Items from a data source
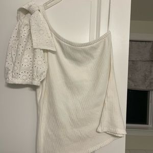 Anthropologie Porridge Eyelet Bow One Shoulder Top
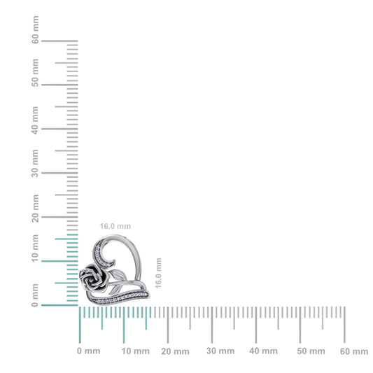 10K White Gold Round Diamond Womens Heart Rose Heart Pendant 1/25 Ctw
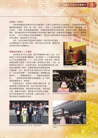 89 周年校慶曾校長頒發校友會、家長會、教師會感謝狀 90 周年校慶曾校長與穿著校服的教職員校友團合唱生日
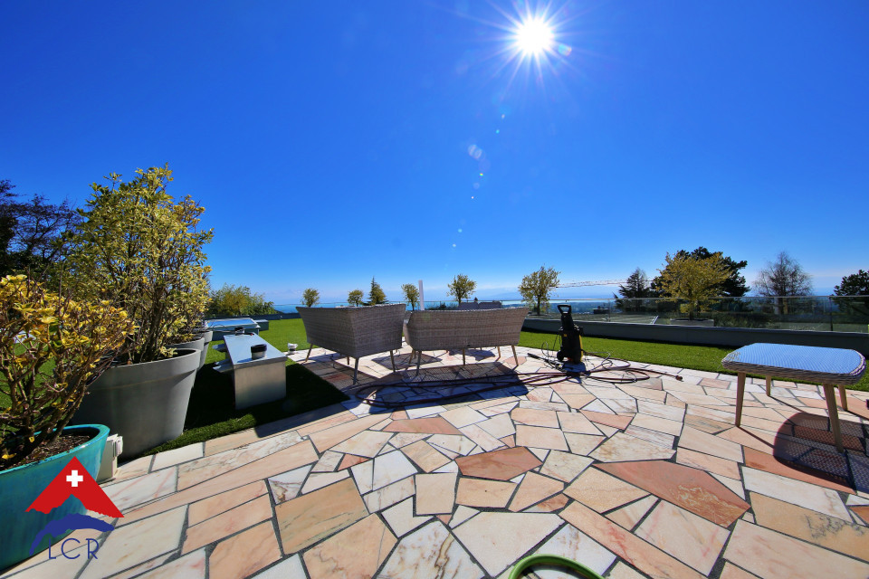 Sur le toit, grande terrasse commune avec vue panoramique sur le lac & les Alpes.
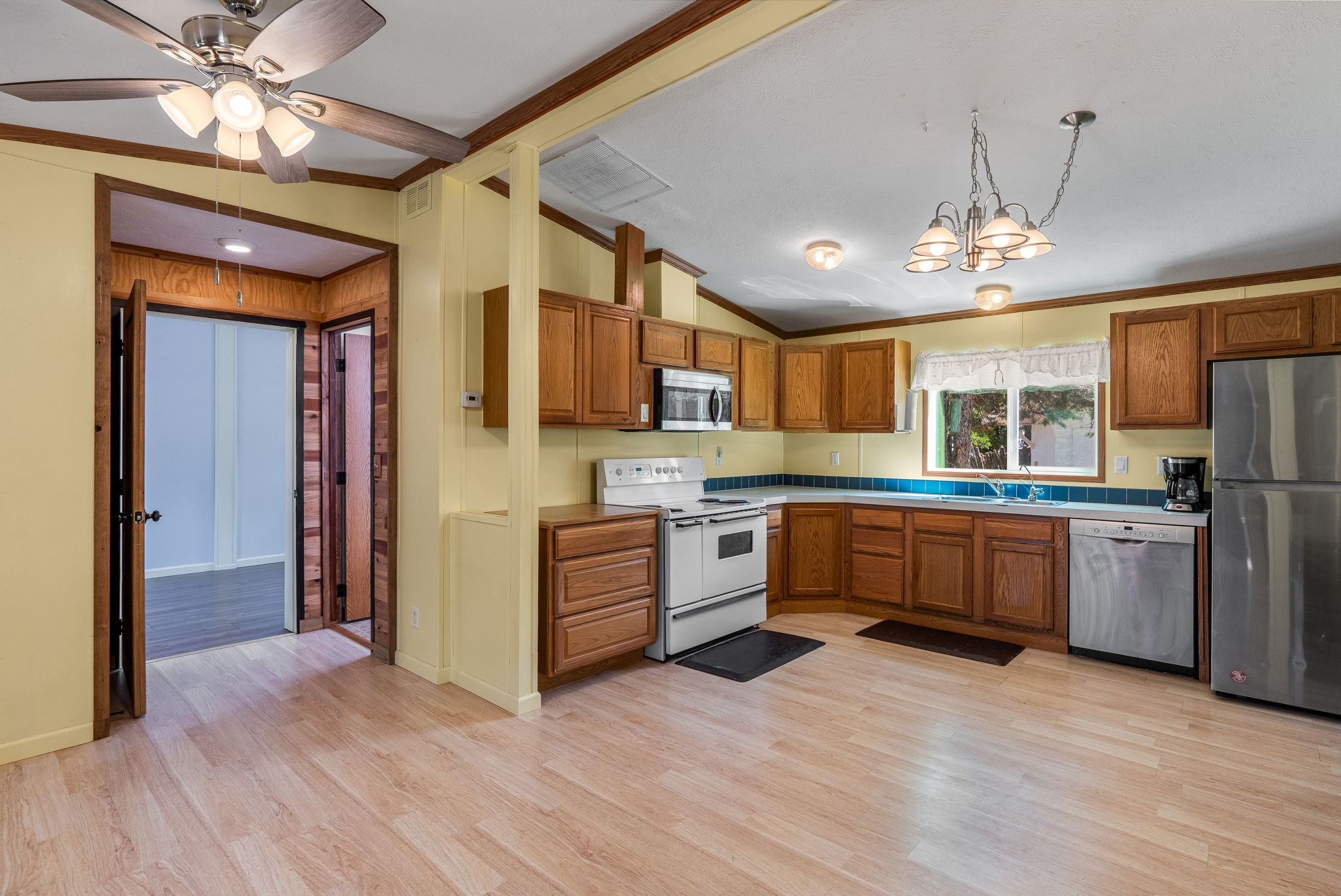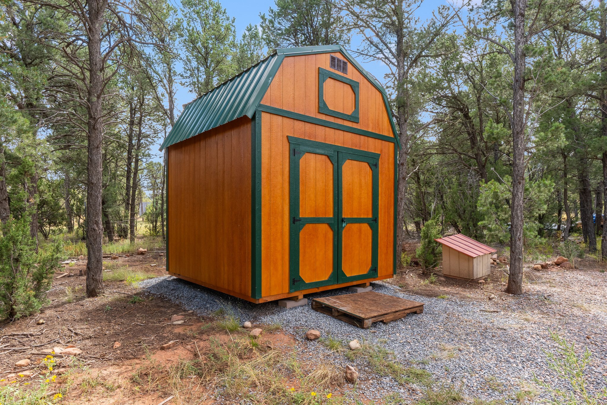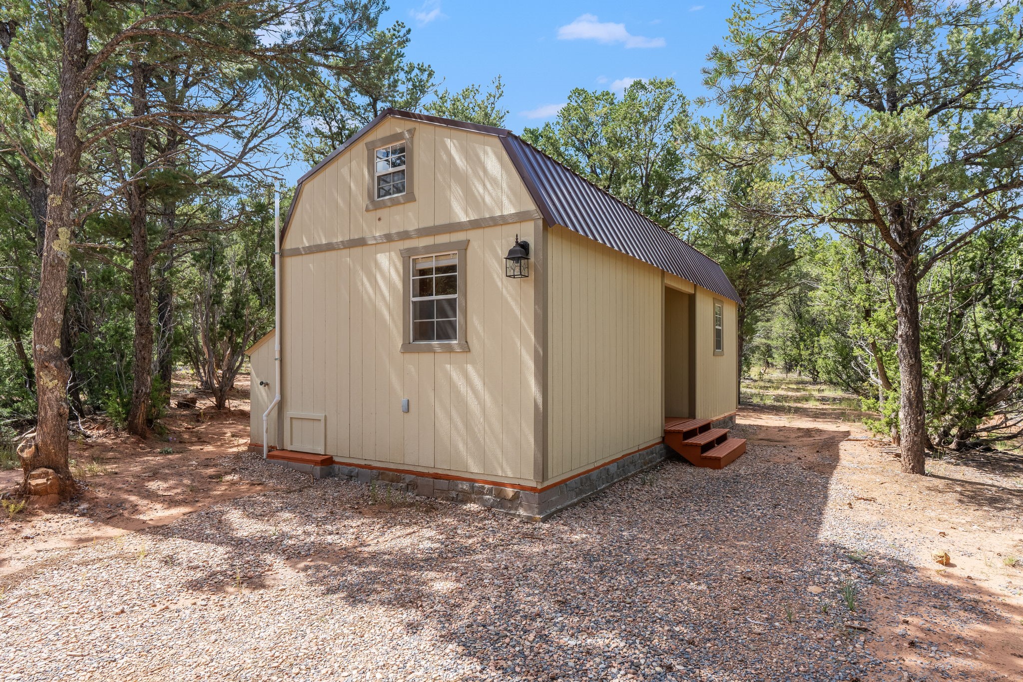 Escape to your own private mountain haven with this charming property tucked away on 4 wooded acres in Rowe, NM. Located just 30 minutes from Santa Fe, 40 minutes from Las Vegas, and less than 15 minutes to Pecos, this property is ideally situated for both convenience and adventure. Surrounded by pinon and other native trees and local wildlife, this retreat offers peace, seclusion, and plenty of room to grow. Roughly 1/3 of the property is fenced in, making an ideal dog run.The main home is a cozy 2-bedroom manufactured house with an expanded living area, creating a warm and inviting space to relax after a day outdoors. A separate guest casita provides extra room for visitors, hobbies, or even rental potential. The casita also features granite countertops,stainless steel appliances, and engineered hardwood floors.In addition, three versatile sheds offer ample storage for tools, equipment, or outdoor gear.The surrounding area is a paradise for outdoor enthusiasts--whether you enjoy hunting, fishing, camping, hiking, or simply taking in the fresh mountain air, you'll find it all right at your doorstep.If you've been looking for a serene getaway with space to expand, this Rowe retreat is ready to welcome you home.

▶ Exercise brief:
Above are the records; please give again, exactly and in full, only the lines that run from the line with "89 周年校慶曾校長頒發校友會、家長會、教師會感謝狀 90" through the line with "Sur le toit, grande", with no pictures.

▶ Solution below:
 89 周年校慶曾校長頒發校友會、家長會、教師會感謝狀 90 周年校慶曾校長與穿著校服的教職員校友團合唱生日
 Sur le toit, grande terrasse commune avec vue panoramique sur le lac & les Alpes.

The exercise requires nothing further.